There were stacks and stacks of paperwork before them.
The finish line was nowhere in sight.
None of them were human.
In the meantime, the ungrateful called them out.
Baby Killers, they said, and they threw garbage without cheer.
Shame crept in and none of it made sense in their trauma.
The tentacles of the deep pulled them under for a swim.
Because none of them were human.
It took days, weeks, months, years, to get through.
Once becoming an insider, it was unlike any underworld.
They could not trust their own eyes
The new entity that swallowed them whole.
Oh, none of them were human.
The stars were supposed to align and shine.
This was the Promised Land that was garbled about.

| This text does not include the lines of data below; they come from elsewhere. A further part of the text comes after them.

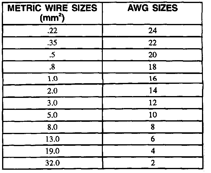 When replacing a wire, use a wire of the same size as the original wire or larger. The schematics list wire size in metric units. The table shows the commercial (AWG) wire sizes that can be used to replace each metric wire size. Each AWG size is either equal to or larger than the equivalent metric size.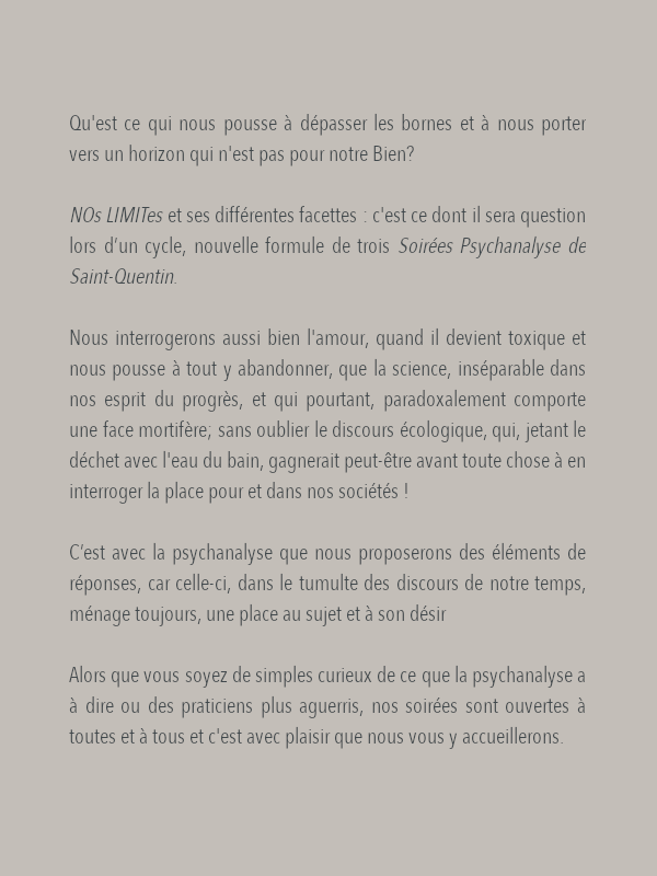 NOs LIMITes et ses différentes facettes : c'est ce dont il sera question lors d’un cycle, nouvelle formule de trois Soirées Psychanalyse de Saint-Quentin.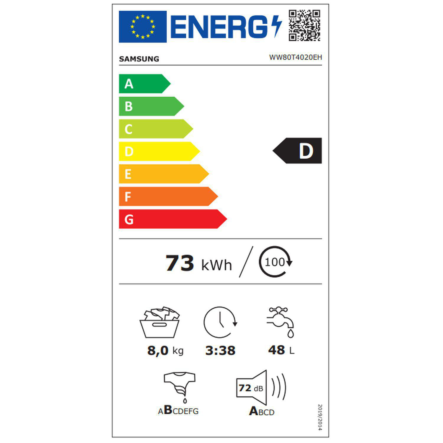 Lave linge hublot WW80T4020EH, 8 kg, 1200 T/min, D
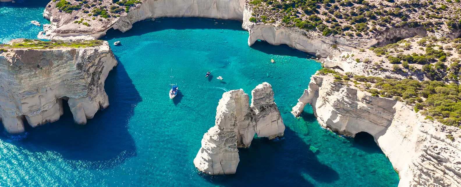 Send it to Milos, a rainbow of volcanic hues. After kayaking Sarakiniko's bone-white moonscape, snorkel the Papafragas Caves and then dock in Klima's candy-colored syrmata. Feast on grilled octopus in Mandrakia; twilight fishing camps glitter here.
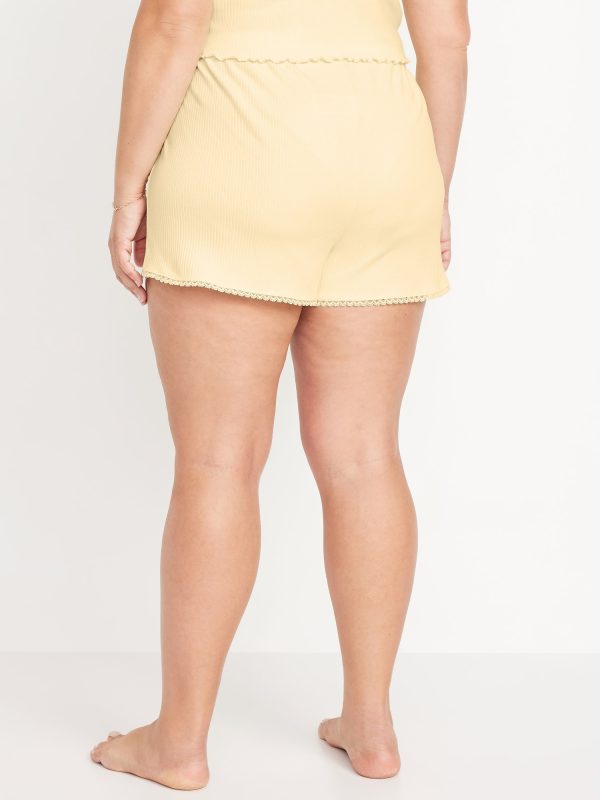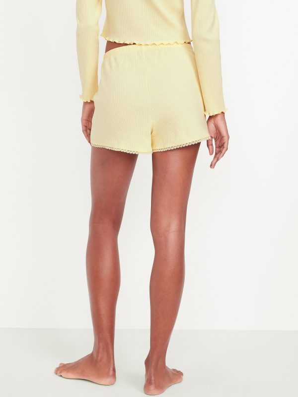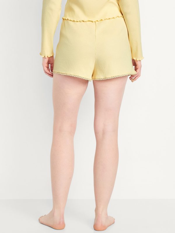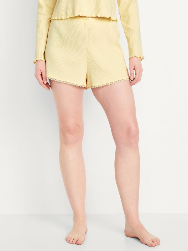 Pointelle Pajama Shorts: elasticized waistband, lace-trim hem, #707458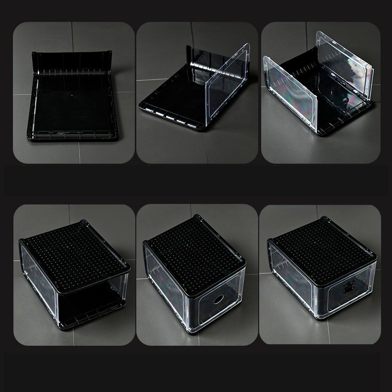 - Chất liệu nhựa mica cứng, không ọp ẹp như cái loại hộp gấp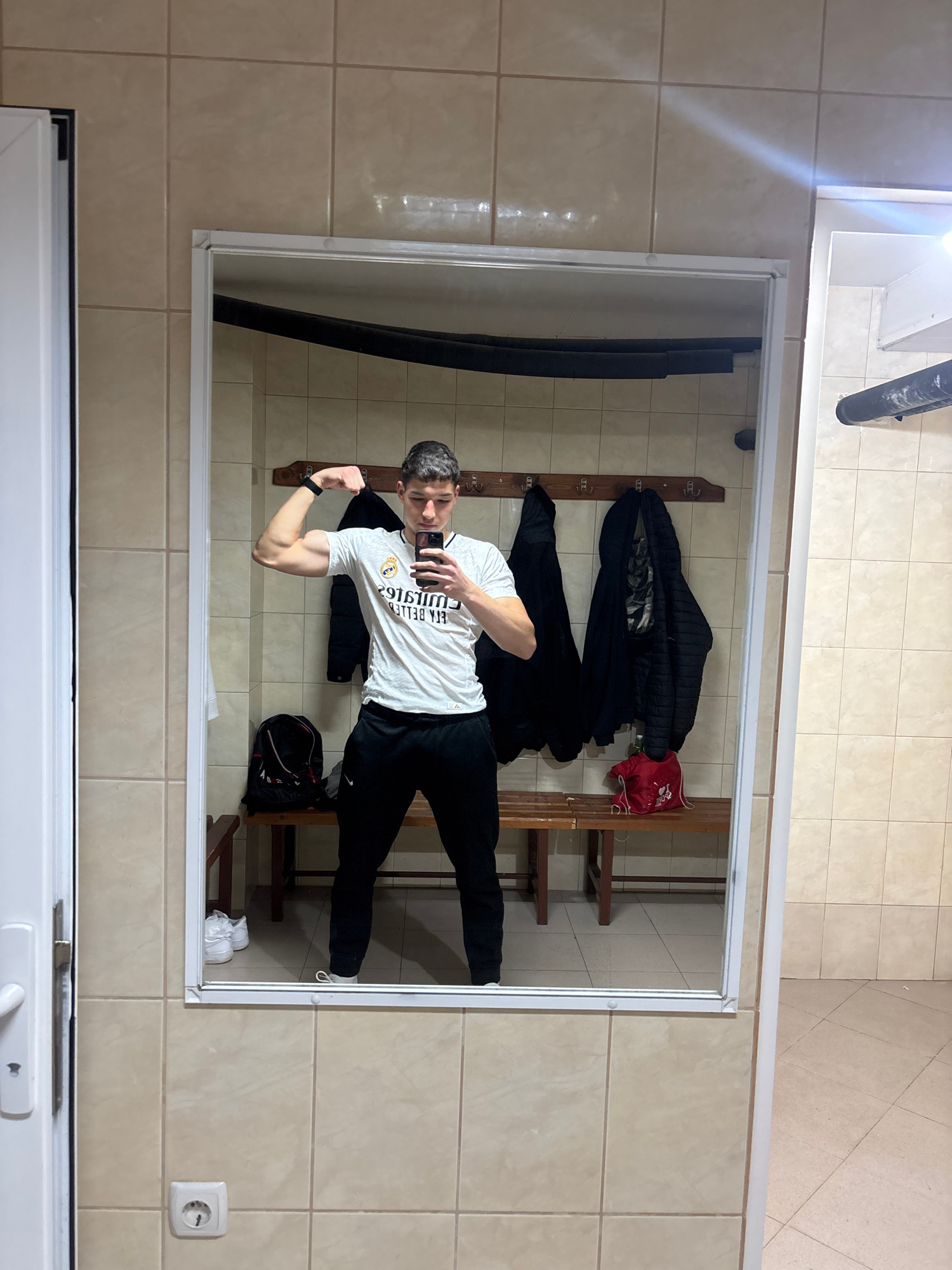 The image shows a man posing in front of a mirror in what appears to be a locker room or changing area. He is flexing his bicep and holding a phone in his other hand, likely taking a selfie. The room…read more

But those who sent soldiers to war could do nothing
For those returning to a world that pushed for normalcy.
For none of them were human…
The silent swirl of darkness kept them in the cold mud.
The only conveyer belt assembled misshapen parts
On each specimen, congratulating them on
A job well done – as if killing another soul invigorates.
But none of them were human.
It is the primal screams of a dying animal,
But they are told they are the crazy ones
It is the sugar sweetness of the nurse’s injections,
But the only person she looks after is herself.
And none of them were human.
There was no privacy, no dignity, amongst them.
Soldiers crawled until they could no longer remain stuck.
The best they felt was at the bottom of the bottle,
Smiling as they wished for a bullet to the head.
Yes, none of them were human…
The cycle repeated itself time and again.
The muddy trenches deepened without mercy.
Suddenly, there was no names and numbers.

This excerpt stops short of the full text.